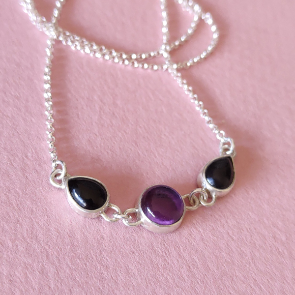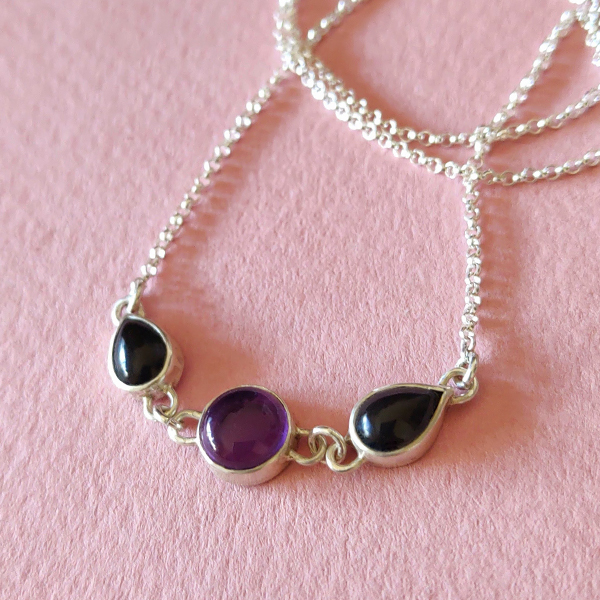 · Piedras gota ónix negro 5x7 mm. y amatista 7 mm.
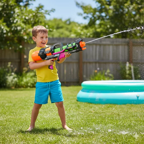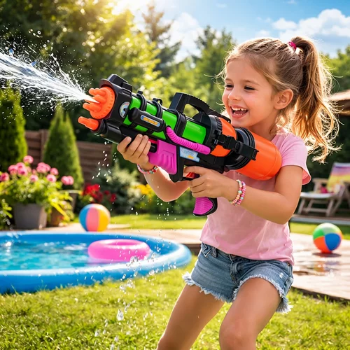 A nyári vízi csaták még szórakoztatóbbak lesznek a 60 cm hosszú nagy vízipisztolynak köszönhetően, amely erős vízsugarat és hosszú hatótávolságot kínál. A nagy 1,25 literes tartály lehetővé teszi a hosszabb játékot anélkül, hogy gyakran kellene vízzel tölteni, így a szórakozás megszakítás nélkül folytatódhat. Az átgondolt csúszó pumpa stabil vízsugarat hoz létre, amelynek hatótávolsága körülbelül 6 méter, lehetővé téve a célzás nagyobb távolságból is.
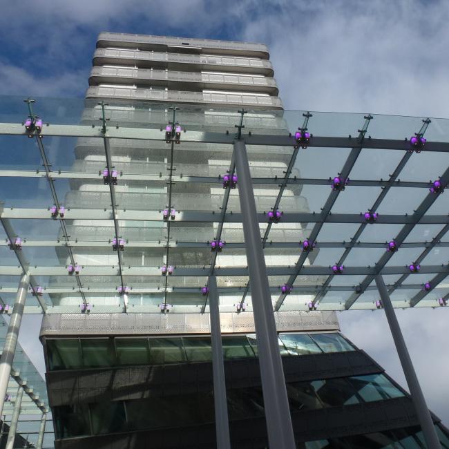 Buiting Machinebouw en Staalconstructie uit Broekland heeft de zware staalconstructies voor de glazen wand en de twee overkappingen gemaakt. De buiskolommen, dakframes en schermen (186 ton staal) zijn thermisch verzinkt door Rotocoat Heerhugowaard. Een gedeelte van het materiaal is daarna voorzien van een natlak en een gedeelte van een tweelaags poedercoating.
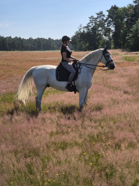 A lovable 16-year-old gelding, who impresses with his versatility and reliability, is for sale. He is finely schooled, has good basic gaits, and has been consistently trained and well cared for. Whether for dressage work, groundwork, or relaxed rides – he is motivated, attentive, and always eager to do his best. In the field, he is absolutely dependable, behaves well both alone and in a group, is familiar with dogs, and is gentle and friendly in everyday handling. He is farrier- and loading-inclined, making him easy to handle overall. Thanks to his gentle nature, he is especially suitable for sensitive leisure riders or ambitious amateurs seeking a horse with heart and character. 📍 Location: Wahlitz, 39175 📞 Contact: 015906553397 A wonderful horse for people who value honest partnership both in the saddle and on the ground. 💛
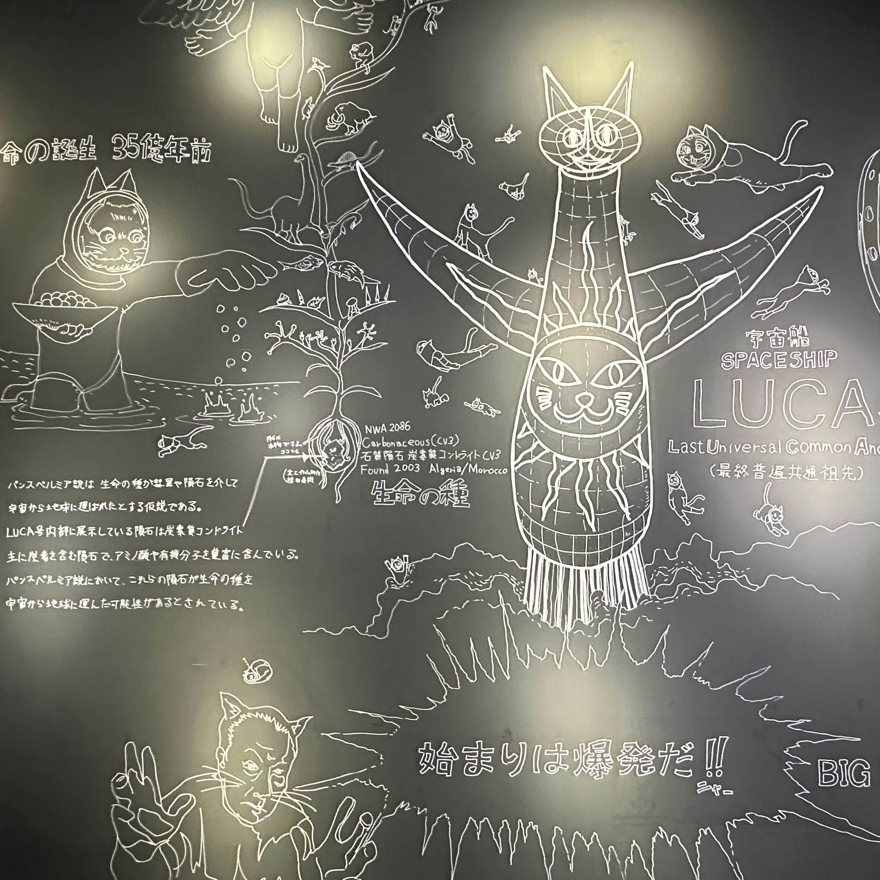 展示の中心となるのは、《BIG CAT BANG》。これは、宇宙船「LUCA号」(LUCAとはLast Universal Common Ancestor=最終普遍共通祖先の意味)に乗って地球に到達した「SHIP'S CAT/宇宙猫」が、無機質だった地球に生命を着床し、役割を終えたあと、《太陽の塔》となりその痕跡を残している、というヤノベが構想した壮大なフィクションだ。
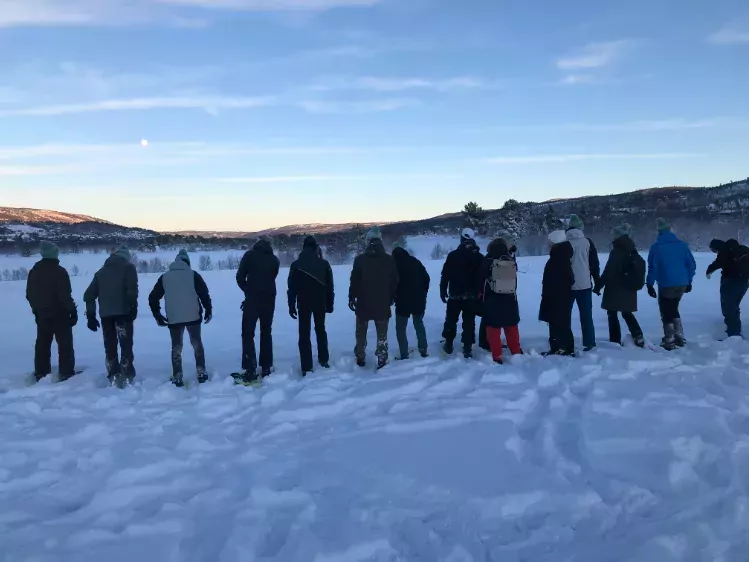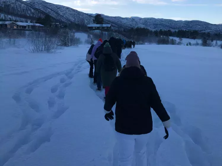 Aangezien het bedrijf overdag eerst nog open is, vertrekken we 's avonds pas naar Noorwegen. Het is nog even rijden van Oslo naar Geilo, dus midden in de nacht komen we aan bij ons hotel. Na een korte nacht, is de volgende ochtend voor iedereen vrij. Zo kan iedereen even bijkomen van de late aankomst en rustig ontbijten. Vanmiddag gaan we dan echt kennismaken met deze winterwonderland bestemming! De groep wordt in tweeën gedeeld waarbij de eerste groep een sneeuwschoenwandeling gaat volgen en de tweede groep op husky safari gaat. Het is koud, maar zonnig wat zorgt voor mooie plaatjes! Bij de husky's wordt er genoten van de honden, de tocht door de sneeuw en het warme kampvuur. De sneeuwschoenwandeling is prachtig door het winterse landschap. Het is even wennen met ander schoeisel, maar al gauw lopen we goed achter de gids aan. Tijdens het diner in het hotel komen we weer bij elkaar om elkaar te vertellen over onze belevenissen. De muziek gaat aan (we zijn de enigen in de dinerzaal) en er wordt een leuk jubileumfeestje gevierd! Ook zijn er sleetjes aangeschaft en wordt er op de helling naast het hotel nog een klein wedstrijdje georganiseerd.
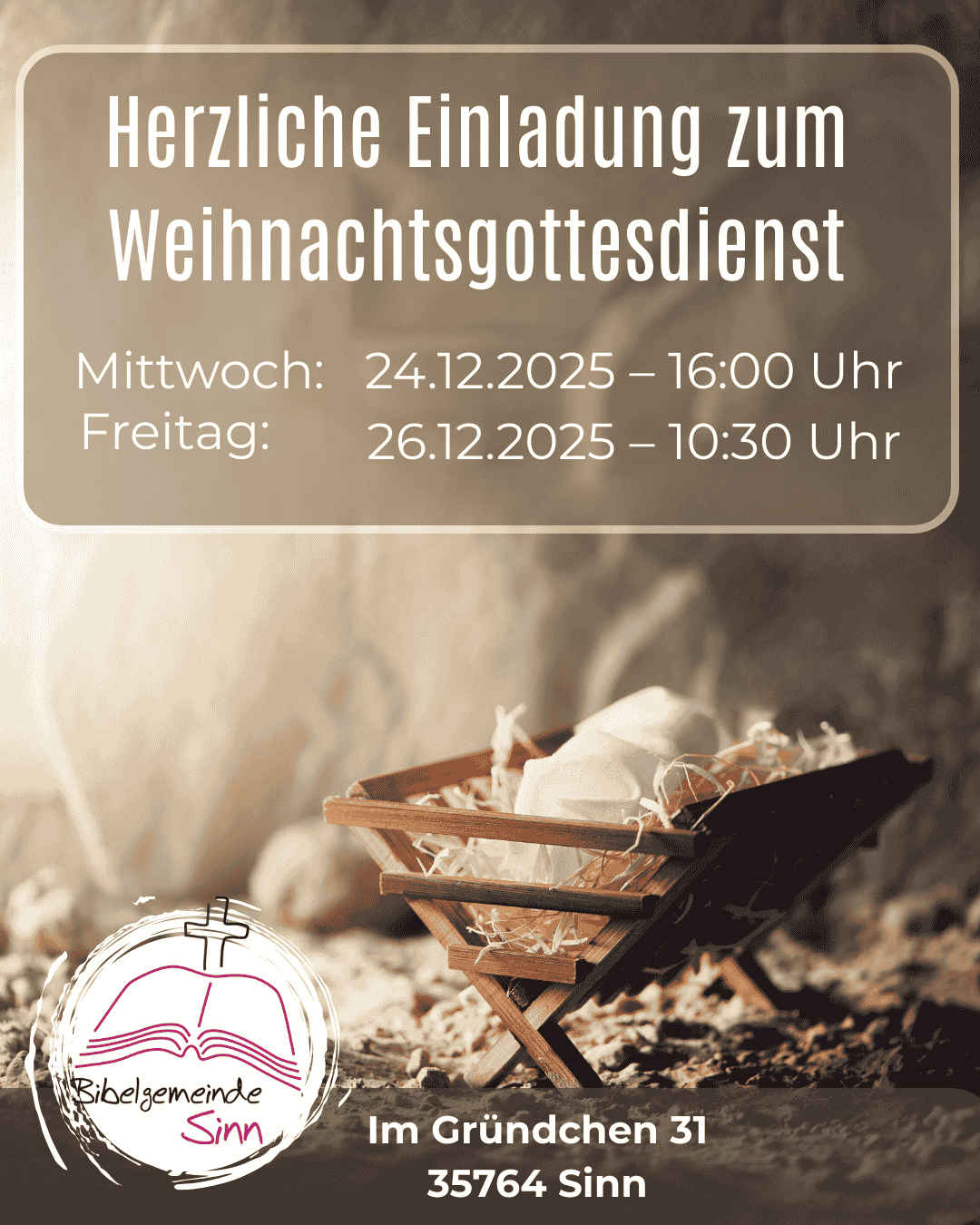 In dieser besonderen Zeit möchten wir gemeinsam die Botschaft von Hoffnung, Frieden und Licht feiern und laden Sie hiermit herzlichst zu unseren Weihnachtsgottesdiensten in die Bibelgemeinde Sinn ein. Wir freuen uns sehr darauf, Sie in dieser wundervollen...
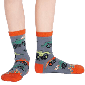 If your child is a monster truck lover and wants to be as close to the action as possible but can’t see over the steering wheel, then these Monster Truck Junior Crew Socks are the perfect addition to their crazy sock collection. Featuring a variety of super cool monster trucks adorned throughout with a red toe resembling flames, these Monster Truck Junior Crew Socks do not disappoint in awesomeness.
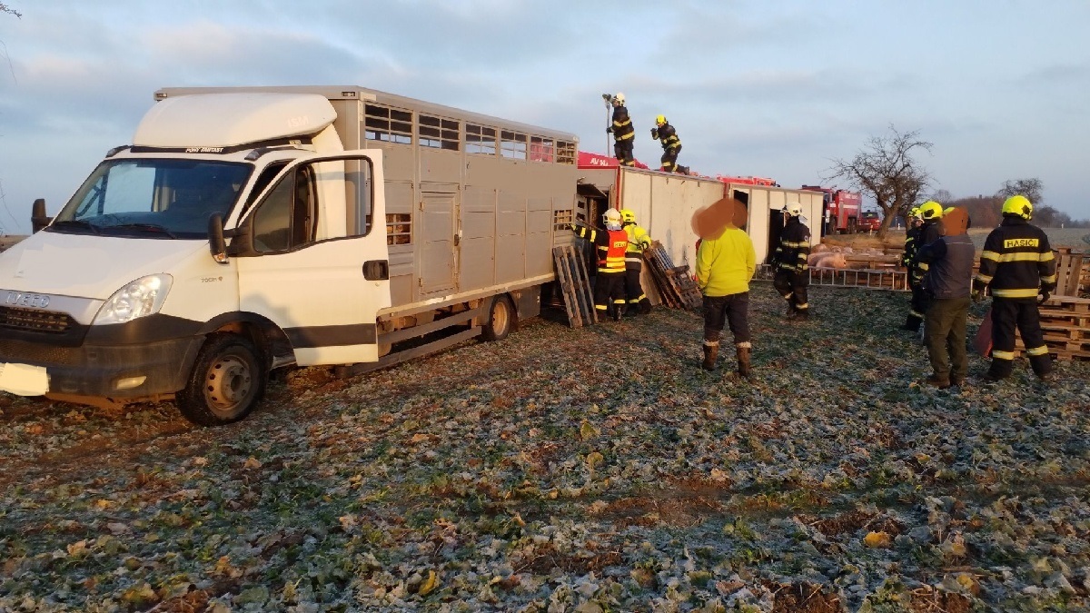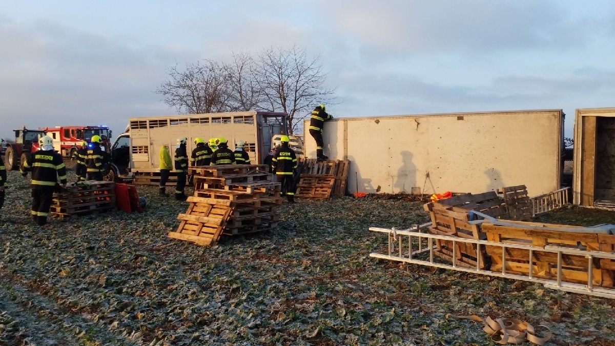 Náročný zásah u nehody kamionu se zvířaty
•••
Directions:
Leaving out the pictures, restate the listing above exactly.

Answer box:
 · Piedras gota ónix negro 5x7 mm. y amatista 7 mm.
 A nyári vízi csaták még szórakoztatóbbak lesznek a 60 cm hosszú nagy vízipisztolynak köszönhetően, amely erős vízsugarat és hosszú hatótávolságot kínál. A nagy 1,25 literes tartály lehetővé teszi a hosszabb játékot anélkül, hogy gyakran kellene vízzel tölteni, így a szórakozás megszakítás nélkül folytatódhat. Az átgondolt csúszó pumpa stabil vízsugarat hoz létre, amelynek hatótávolsága körülbelül 6 méter, lehetővé téve a célzás nagyobb távolságból is.
 Buiting Machinebouw en Staalconstructie uit Broekland heeft de zware staalconstructies voor de glazen wand en de twee overkappingen gemaakt. De buiskolommen, dakframes en schermen (186 ton staal) zijn thermisch verzinkt door Rotocoat Heerhugowaard. Een gedeelte van het materiaal is daarna voorzien van een natlak en een gedeelte van een tweelaags poedercoating.
 A lovable 16-year-old gelding, who impresses with his versatility and reliability, is for sale. He is finely schooled, has good basic gaits, and has been consistently trained and well cared for. Whether for dressage work, groundwork, or relaxed rides – he is motivated, attentive, and always eager to do his best. In the field, he is absolutely dependable, behaves well both alone and in a group, is familiar with dogs, and is gentle and friendly in everyday handling. He is farrier- and loading-inclined, making him easy to handle overall. Thanks to his gentle nature, he is especially suitable for sensitive leisure riders or ambitious amateurs seeking a horse with heart and character. 📍 Location: Wahlitz, 39175 📞 Contact: 015906553397 A wonderful horse for people who value honest partnership both in the saddle and on the ground. 💛
 展示の中心となるのは、《BIG CAT BANG》。これは、宇宙船「LUCA号」(LUCAとはLast Universal Common Ancestor=最終普遍共通祖先の意味)に乗って地球に到達した「SHIP'S CAT/宇宙猫」が、無機質だった地球に生命を着床し、役割を終えたあと、《太陽の塔》となりその痕跡を残している、というヤノベが構想した壮大なフィクションだ。
 Aangezien het bedrijf overdag eerst nog open is, vertrekken we 's avonds pas naar Noorwegen. Het is nog even rijden van Oslo naar Geilo, dus midden in de nacht komen we aan bij ons hotel. Na een korte nacht, is de volgende ochtend voor iedereen vrij. Zo kan iedereen even bijkomen van de late aankomst en rustig ontbijten. Vanmiddag gaan we dan echt kennismaken met deze winterwonderland bestemming! De groep wordt in tweeën gedeeld waarbij de eerste groep een sneeuwschoenwandeling gaat volgen en de tweede groep op husky safari gaat. Het is koud, maar zonnig wat zorgt voor mooie plaatjes! Bij de husky's wordt er genoten van de honden, de tocht door de sneeuw en het warme kampvuur. De sneeuwschoenwandeling is prachtig door het winterse landschap. Het is even wennen met ander schoeisel, maar al gauw lopen we goed achter de gids aan. Tijdens het diner in het hotel komen we weer bij elkaar om elkaar te vertellen over onze belevenissen. De muziek gaat aan (we zijn de enigen in de dinerzaal) en er wordt een leuk jubileumfeestje gevierd! Ook zijn er sleetjes aangeschaft en wordt er op de helling naast het hotel nog een klein wedstrijdje georganiseerd.
 In dieser besonderen Zeit möchten wir gemeinsam die Botschaft von Hoffnung, Frieden und Licht feiern und laden Sie hiermit herzlichst zu unseren Weihnachtsgottesdiensten in die Bibelgemeinde Sinn ein. Wir freuen uns sehr darauf, Sie in dieser wundervollen...
 If your child is a monster truck lover and wants to be as close to the action as possible but can’t see over the steering wheel, then these Monster Truck Junior Crew Socks are the perfect addition to their crazy sock collection. Featuring a variety of super cool monster trucks adorned throughout with a red toe resembling flames, these Monster Truck Junior Crew Socks do not disappoint in awesomeness.
 Náročný zásah u nehody kamionu se zvířaty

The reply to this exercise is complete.